Subsequently, linked data—manifest as both linked open data and its private sector counterpart, linked enterprise data—has enjoyed a resurgence so utilitarian that it could very well disrupt the data landscape again. Machine-readable public data sources have abounded across verticals, become prioritized by the federal government during the previous presidential administration and are regularly aggregated with proprietary sources for a holistic view of organizational interests.
Such activity, however, only hints at the core functionality for which linked data is prized after the onset of the big data epoch and does not begin to enumerate the true value of its interoperability across the data ecosystem. Specifically, the linked data approach is rapidly gaining credence throughout the public and private sectors for its ability to:
- share data—Linked data is readily exchanged across any assortment of hardware systems, applications and use cases in a singular fashion, greatly simplifying and expediting integration while largely automating analytics prerequisites such as transformation. Semantic web founder Tim Berners-Lee stated, “With linked data, when you have some of it, you can find other related data.”
- improve governance—Predicated on uniform modeling conventions known as ontologies, linked data technologies clarify data’s meaning according to uniform standards that naturally evolve at the pace of business.

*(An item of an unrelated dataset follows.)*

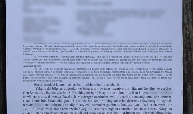 Olayı anlatan Bayraktar, "Geçen sene Hatay Kırıkhan'da çalışıyordum. Orada şoförlük yapıyordum. Sosyal medyadan Dilek isimli bir şahıs bana mesaj yazdı. Kendisinin eşinin depremde vefat ettiğini, bir tane kızı olduğunu, kızı ile birlikte yaşadığını ve evlilik düşündüğünü söyledi. Bir hafta telefonla konuştuk. Kendisinin yanına gittim; kızıyla birlikte yanıma geldi. Bir kafede oturduk ve tanıştık. Bana ailesinin ciddi olduğumuzu düşünmesi için yüzük almam gerektiğini söyledi. 25 bin TL değerinde kendisine bir yüzük aldırdı. Yüzük parasının yarısını IBAN'dan attım, diğer yarısını da peşin verdim. Bu şekilde konuşmalarımız devam etti" dedi.
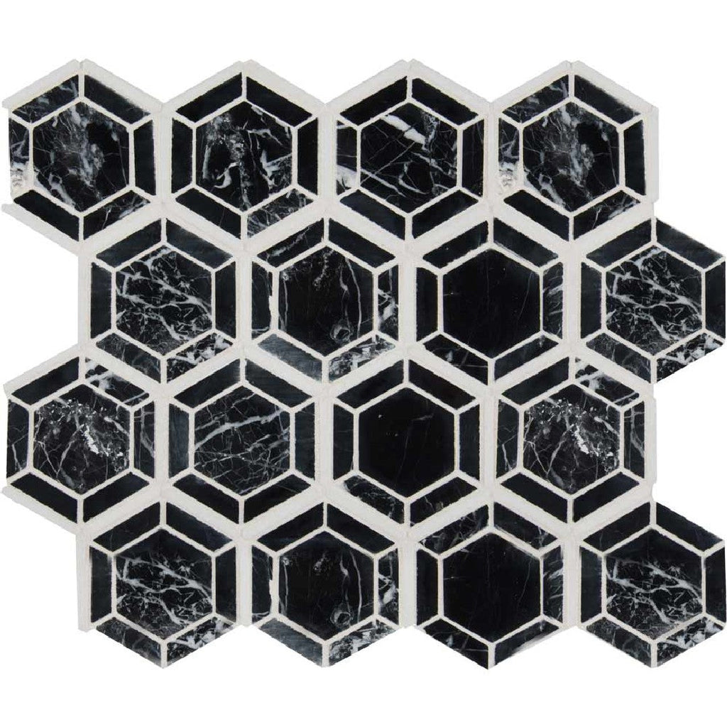 MS International Hexagono 11.50" x 13.25" Polished 2" Hexagon Marble Mosaic offers a classic 2" hexagon in beautiful polished marble. This versatile mosaic is perfect for timeless bathroom floors, stylish kitchen backsplashes, or charming fireplace surrounds, adding an enduring elegance to any space.

The resulting heightened governance capabilities are ideal for ensuring compliance in heavily regulated industries such as finance or healthcare.
- implement machine intelligence—Linked data’s inherent machine-readable nature substantially impacts the enterprise’s ability to scale at speeds commensurate with real-time big data ingestion and is timely for the rejuvenated interest in artificial intelligence.
- unify silos—The penultimate boon of the linked data approach is its ability to end the silo-based culture rampant throughout the data sphere, which fundamentally delays time to insight and action, increases costs and renders data’s meaning abstruse.
Those reasons, and others, are why many organizations in both commercial and public spaces are realizing that “it’s worth an investment to take the data out of the individual applications and make it available in a more mutual, standard format,” Price says. “Applications are going to come and go but if they’ve got this standard format, it helps them manage these long lifecycles in a better way.”
Linked open data’s sustainability
The most visible incarnation of linked data’s increasingly conspicuous presence, and the one that is most profoundly reshaping the data sphere, is the public sector’s linked open data effort. Largely fueled by the need to swiftly integrate and share data across different entities in a sustainable manner, linked open data is the most viable means for effecting such exchanges among and within different countries, languages, sectors and organizations. The crux of the linked data approach is the uniform standard of the W3C Consortium, which seamlessly harmonizes all data regardless of structure, source or type. Those all-encompassing, evolving data models and standardized vocabularies create pervasive adherence among disparate data, spurring a range of pragmatic possibilities fostering the trust and consistency needed of data-driven applications in the public sector. The growing list of linked open data sources includes data from the U.S. Congress, World Bank, British Geological Survey, U.S. Securities and Exchange Commission and linked sensor data sources.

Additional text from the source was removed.